Serious investors, actually, looked beyond the kneejerk reaction, since there is consensus that the 16:1 swap ratio is a good one. “The swap ratio and valuation works very well for both,” says Sanjiv Agarwal of Ernst & Young, which looked at the market price, earnings potential, earnings multiple and asset base of both RIL and RPL stock.
The reason for the merger is clear: Mukesh Ambani wanted to limit pressure on RIL, at a time when excess capacity and declining earnings were hurting his bottomline. Citigroup, which conducted the fairness opinion (it decides whether the merger is fair for all parties) said in a note that the merger proves positive for RPL, reducing earning fluctuations. Says RIL Chief Financial Officer Alok Agarwal: “The merger gives us the ability to take on larger projects”.
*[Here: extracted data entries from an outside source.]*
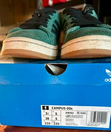 sneakers Adidas Campus 00s originali, colore verde con strisce nere, taglia 38.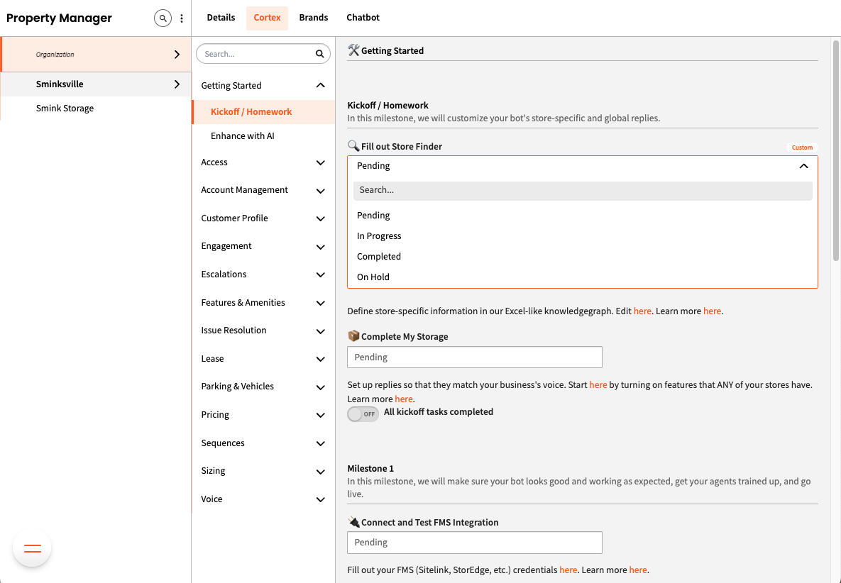 The Getting Started worksheet helps you and your team track your setup progress. Each task has four statuses: Pending, In Progress, Completed, and On Hold. When all tasks within a section are Completed, switch the toggle at the bottom of the section ON to hide that section.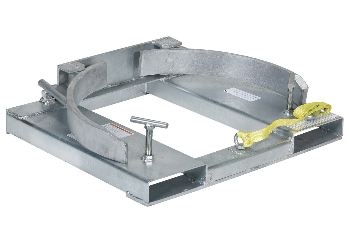 Galvanized Steel Deluxe Single Drum Gripper 55 Gallon 43-3/16 In. x 28 In. x 7-1/8 In. 1500 Lb. Capacity GrayThe drum grippers make it easy to pick up one or two open head (with lid installed and secured) and closed head steel drums without leaving the seat of the fork truck. Simply slip the forks into the fork tubes, fasten the safety restraint and the drum gripper is ready to go. The knuckle gripping system is lowered around the drum, gripped tightly, and then lifted into the air. Drum is automatically released by lowering the forks. All models feature hinged folding design for storage.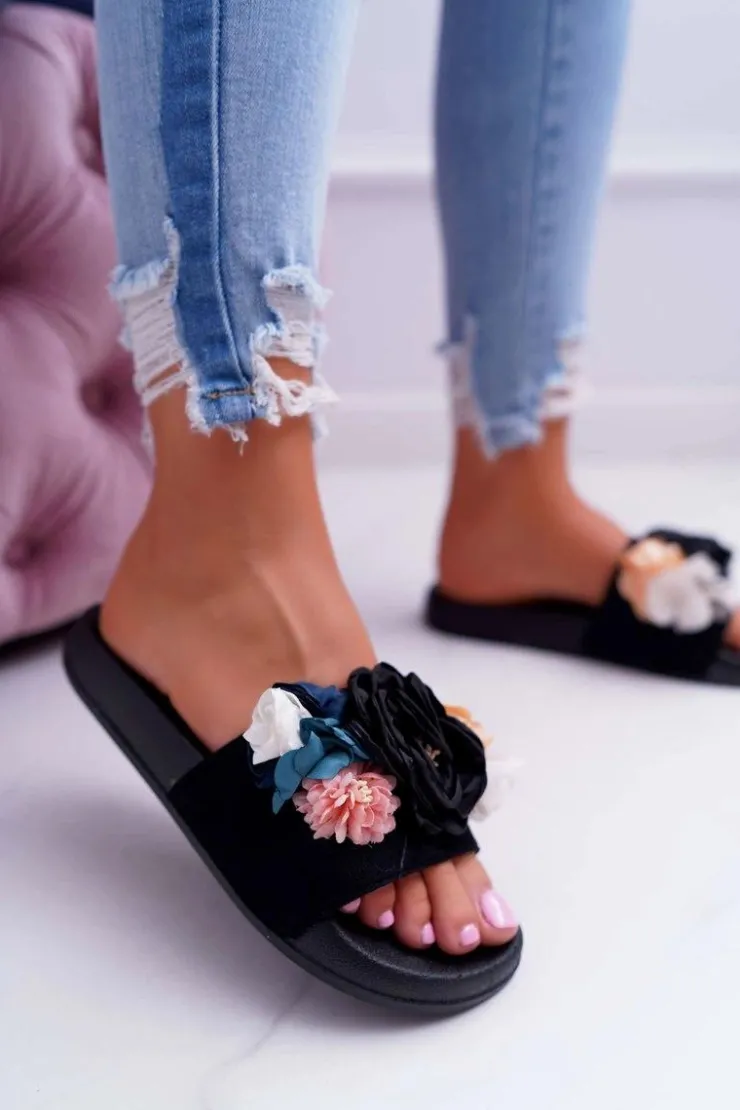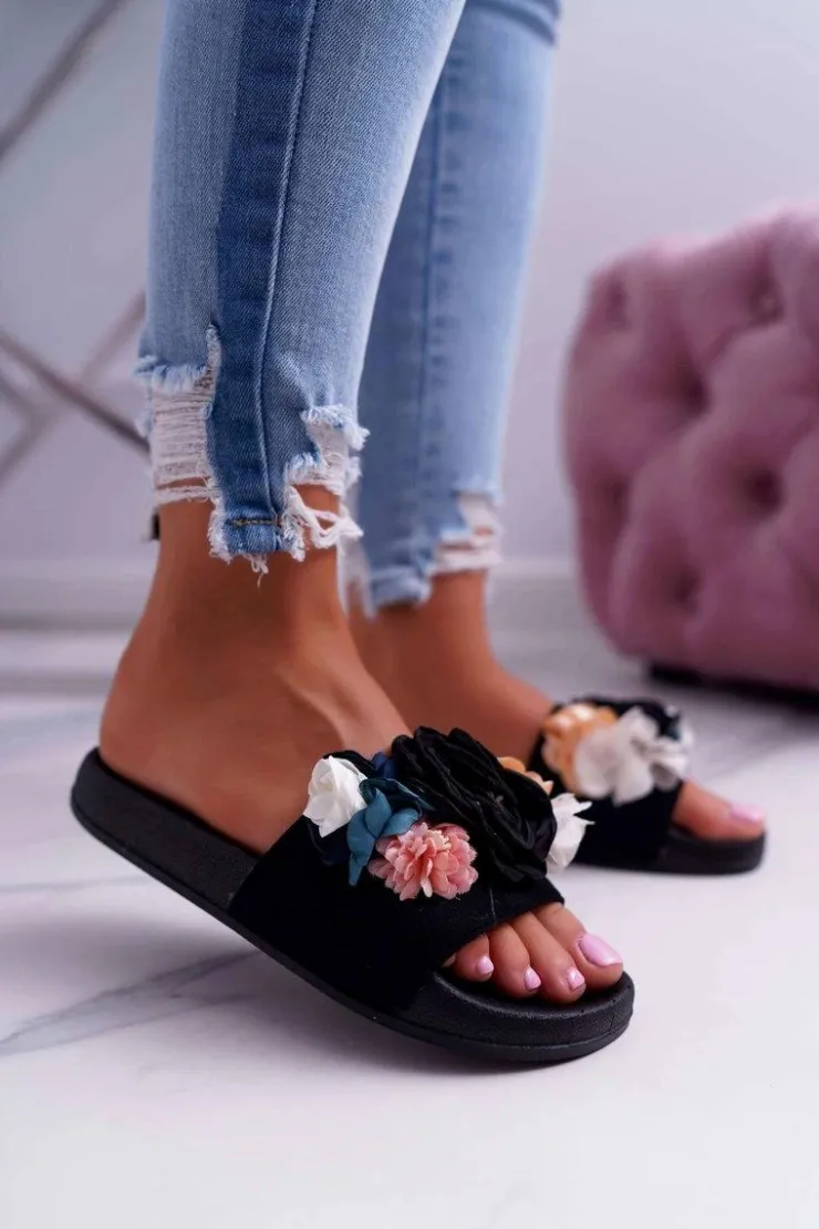 Boto Klapki Damskie Klasyczne*Damskie Klapki Z Kwiatem Czarne Della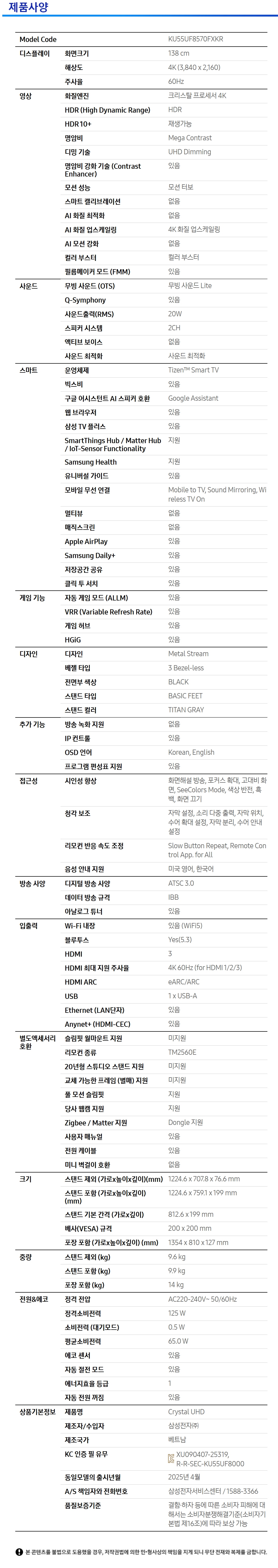 | 모델명 | KU55UF8570FXKR |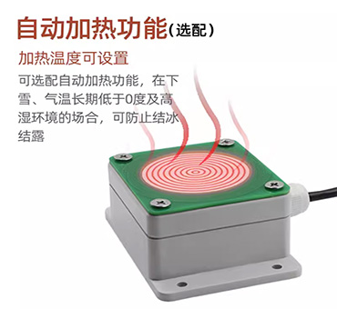 選配有加熱功能,當檢測到氣溫低時,自動啟用下雪加熱功能來加速去雪冰,使得測量的速率加快。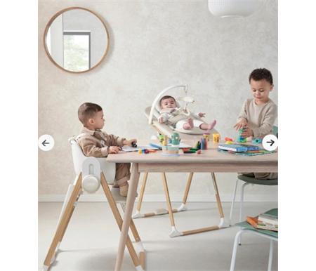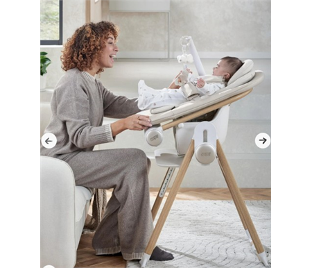 - Easy clean, easy access harnesses - anti-nip bouncer harness, and magnetised silicone highchair harness.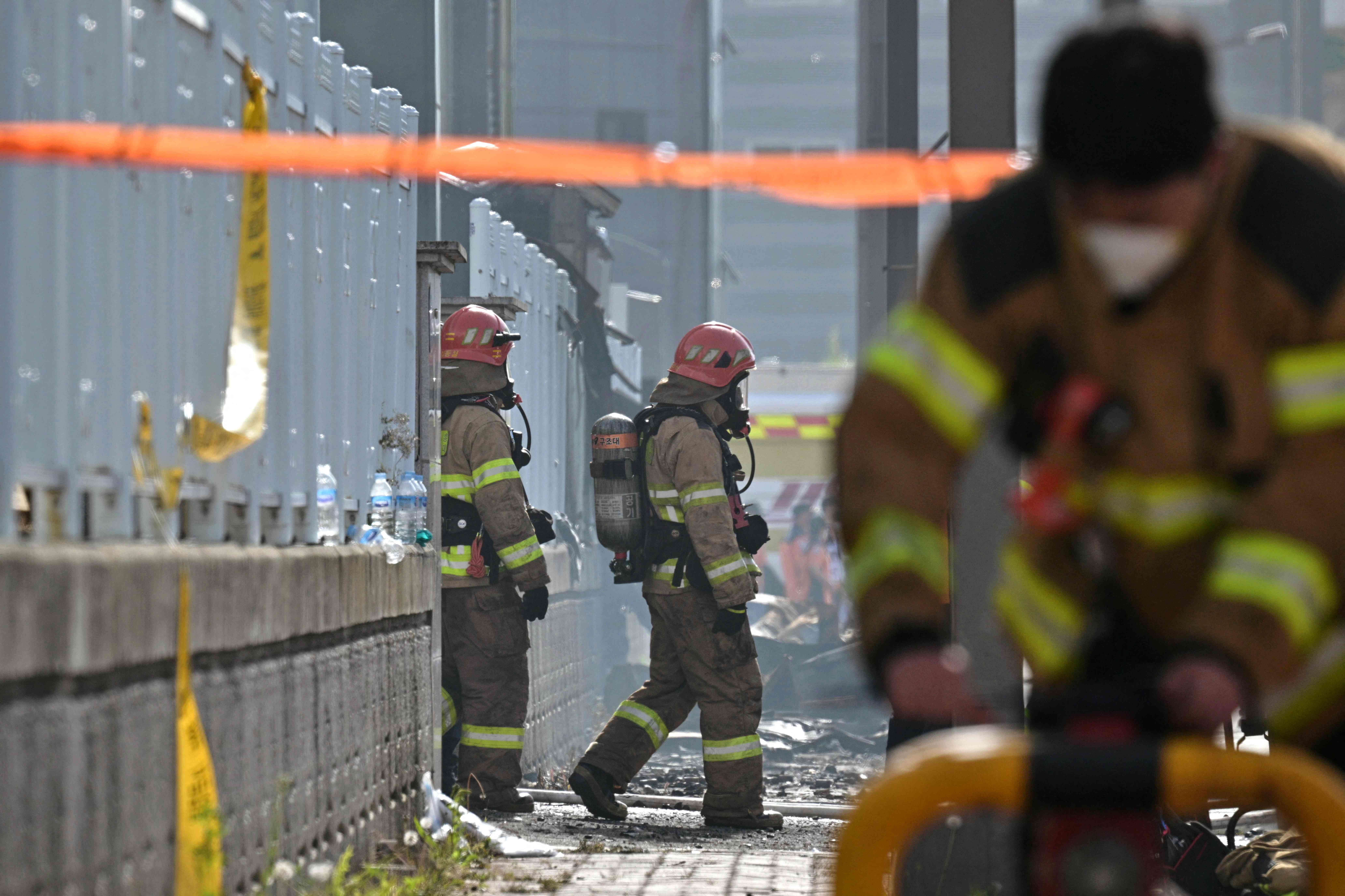 Firefighters walk at the scene of a fire at a lithium battery factory owned by South Korean battery maker Aricell in Hwaseong on June 24, 2024. Around 20 bodies have been found at a South Korean lithium battery factory after a massive blaze on June 24, the Yonhap news agency said, with firefighters saying they were still searching the building. (Photo by Anthony Wallace/AFP Photo)

RIL will also buy the five percent stake held by Chevron Corp in RPL for Rs 60 a share, at a cost of $261 million. Interestingly, the price per share in rupees being paid matches what the San Ramon, California- based company had paid in April 2006. The rupee has since declined about 15 percent, cutting the value of the investment by about $39 million.
RPL’s 580,000 barrels-a-day plant was commissioned on December 25, 2008, adjacent to the existing 660,000 barrelsa- day refinery owned by the parent. “The merger will help RIL better utilise RPL’s cash flows,” says analyst Vinay Nair of Khandwala Securities Ltd, adding that the merger will also help in sourcing crude for the integrated refinery and the marketing of gasoline and diesel globally.
That the merged entity will be huge is a given. Whether it becomes a juggernaut or a dinosaur, however, remains an open question.